ScottishPower Green Hydrogen’s head of hydrogen market development, Mark Griffin, touched on this at the conference.
“In the UK we have some fantastic locations for the large-scale hydrogen production that don’t naturally sit next to a large industrial cluster and that’s fundamentally where this pipe distribution network or something similar needs to come into place,” he said.
However, the supply chain needs to be taken on the UK’s hydrogen journey if Grangemouth is to see success in these areas.
Griffin commented: “Off the back of Project Willow and the outcome of the report, obviously it talks about gigawatt scale, so we can actually see something that gets you to that scale.
“We need the supply chain to come with us, that’s a huge step from where we are today.”
Zonal pricing and its impact on English colocation
A reliance on colocation of hydrogen producers and users is also called into question by the debate about zonal pricing in the UK.

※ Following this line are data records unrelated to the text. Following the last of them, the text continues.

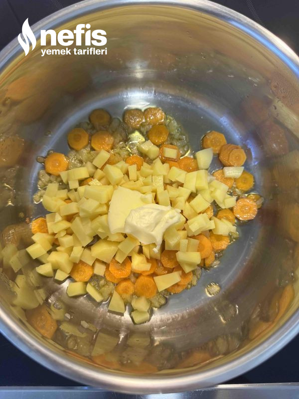 - Havuçları ek edin, 3–4 dakika pişirin. Akabinde patatesi ve tereyağını ekleyip birlikte kavurun.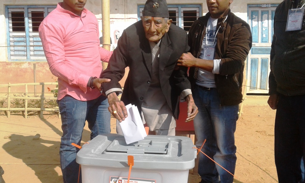 खोटाङ मंसिर–९, खोटाङमा १ सय ६ बर्षिया बयोबृद्घा नागरिकले मतदान गर्नुभएको छ । जिल्लाको रुपाकोट मझुवागढी नगरपालिका–१ दिक्तेलबजारका मणिसुन्दर बजिमयले सोही नगरको सरस्वती माबिको (ख)केन्द्रबाट प्रदेश तथा प्रतिनिधिसभाका निर्बाचनमा मतदान गर्नुभएको हो ।
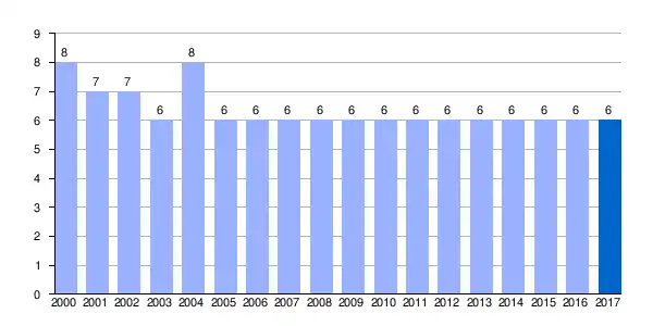 Gráfica de evolución demográfica de Basquiñuelas[1] entre 2000 y 2017 |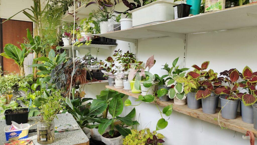 ВИТАЛИЙ показывает мне горшок с травой, похожей на нашу русскую крапиву. Это дебрегеасия.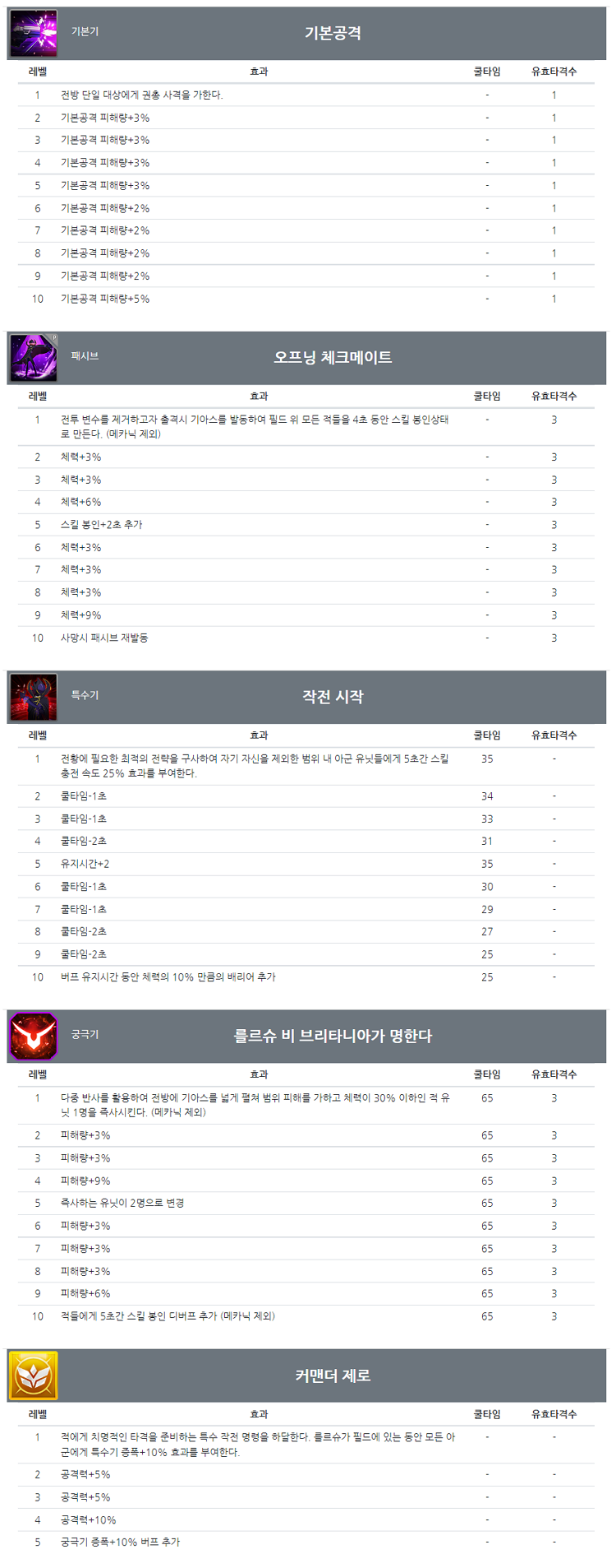 特殊技:根据战况运用最适合的战略,除自身外,范围内友军单位5秒间技能充能速度增加25% CD:35;有效打击数:- |

Zonal pricing will see electricity bills drop where green electricity is produced, and currently, that is primarily in Scotland.
Industry has argued against the measure as some believe that it would make future renewable energy initiatives in Scotland less economically viable.

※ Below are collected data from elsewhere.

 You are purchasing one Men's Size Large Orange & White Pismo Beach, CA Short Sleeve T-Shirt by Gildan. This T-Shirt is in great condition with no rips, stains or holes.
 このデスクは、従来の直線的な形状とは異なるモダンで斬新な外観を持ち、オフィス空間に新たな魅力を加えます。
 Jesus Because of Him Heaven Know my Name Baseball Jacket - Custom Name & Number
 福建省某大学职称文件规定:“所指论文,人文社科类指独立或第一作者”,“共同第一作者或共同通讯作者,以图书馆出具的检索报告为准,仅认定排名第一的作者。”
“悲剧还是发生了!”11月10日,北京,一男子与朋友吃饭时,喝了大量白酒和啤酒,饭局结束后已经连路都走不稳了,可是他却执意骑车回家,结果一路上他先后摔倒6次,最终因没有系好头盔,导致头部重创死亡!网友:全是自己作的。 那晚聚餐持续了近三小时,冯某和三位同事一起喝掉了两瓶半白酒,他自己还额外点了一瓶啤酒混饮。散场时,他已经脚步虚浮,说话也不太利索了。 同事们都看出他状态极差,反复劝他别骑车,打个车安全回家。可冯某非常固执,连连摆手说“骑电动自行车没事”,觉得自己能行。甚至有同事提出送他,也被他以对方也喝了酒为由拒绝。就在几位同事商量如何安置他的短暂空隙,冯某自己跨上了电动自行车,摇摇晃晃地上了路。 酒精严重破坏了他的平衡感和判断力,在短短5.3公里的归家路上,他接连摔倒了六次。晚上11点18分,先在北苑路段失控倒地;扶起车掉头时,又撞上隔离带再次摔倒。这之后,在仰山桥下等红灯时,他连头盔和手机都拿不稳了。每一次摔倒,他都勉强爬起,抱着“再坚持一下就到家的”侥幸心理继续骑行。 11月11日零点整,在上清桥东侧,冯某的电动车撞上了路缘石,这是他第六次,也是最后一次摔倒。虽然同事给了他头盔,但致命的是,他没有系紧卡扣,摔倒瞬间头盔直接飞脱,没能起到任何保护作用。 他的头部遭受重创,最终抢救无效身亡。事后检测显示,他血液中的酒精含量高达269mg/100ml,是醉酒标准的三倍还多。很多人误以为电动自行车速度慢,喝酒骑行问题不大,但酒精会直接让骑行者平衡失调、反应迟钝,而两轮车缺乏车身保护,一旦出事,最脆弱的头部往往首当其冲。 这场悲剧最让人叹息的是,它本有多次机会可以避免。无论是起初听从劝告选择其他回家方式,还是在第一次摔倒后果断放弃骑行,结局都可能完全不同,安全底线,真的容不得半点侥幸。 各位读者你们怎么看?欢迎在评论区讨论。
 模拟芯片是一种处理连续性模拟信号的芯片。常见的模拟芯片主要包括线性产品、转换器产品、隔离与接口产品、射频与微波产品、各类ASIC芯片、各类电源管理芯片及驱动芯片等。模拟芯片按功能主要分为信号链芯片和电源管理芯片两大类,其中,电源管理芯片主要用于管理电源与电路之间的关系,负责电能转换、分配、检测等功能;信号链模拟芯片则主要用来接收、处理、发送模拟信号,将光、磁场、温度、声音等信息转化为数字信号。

However, it is a point that must be addressed and one that Dr Kerry-Ann Adamson, vice president and global hydrogen lead for Capgemini, did not shy away from.
“If zonal pricing happens, that means there’s certain areas of the UK which are fundamentally cheaper to produce hydrogen in because it’s cheaper electricity,” she explained.
“That means if they want colocation, we ‘just’ have to move these industrial clusters out the heartland of England and up to, say, the Highlands.”
Dr Adamson added that this is “probably not” something that the UK wants to do.

She conceded that the idea of colocation under works for “some markets” such as data centres.
In addition to Grangemouth and the central belt of Scotland, areas including Teesside, the Humber and the north-west of England are also looking to decarbonise heavy industry.
Recently, EET Fuels installed a hydrogen-ready furnace at its Stanlow refinery site, however, since then analysts at Wood Mackenzie have raised concern about how the energy transition is impacting such sites.
It suggested that 101 of the world’s 410 refineries face closure within the next 10 years with those in the UK being particularly affected due to carbon taxes.

Industry has called for changes to be made in the UK to support sites like Stanlow which is already investing £1 billion on low carbon hydrogen production and associated carbon capture technologies.
Speaking more generally about UK industrial heartlands, Adamson said: “When you’re talking about industrial clusters, they just need the molecules to decarbonise from wherever it comes from in the UK.
“You’re not going to be able to collocate all the production there to decarbonise it.”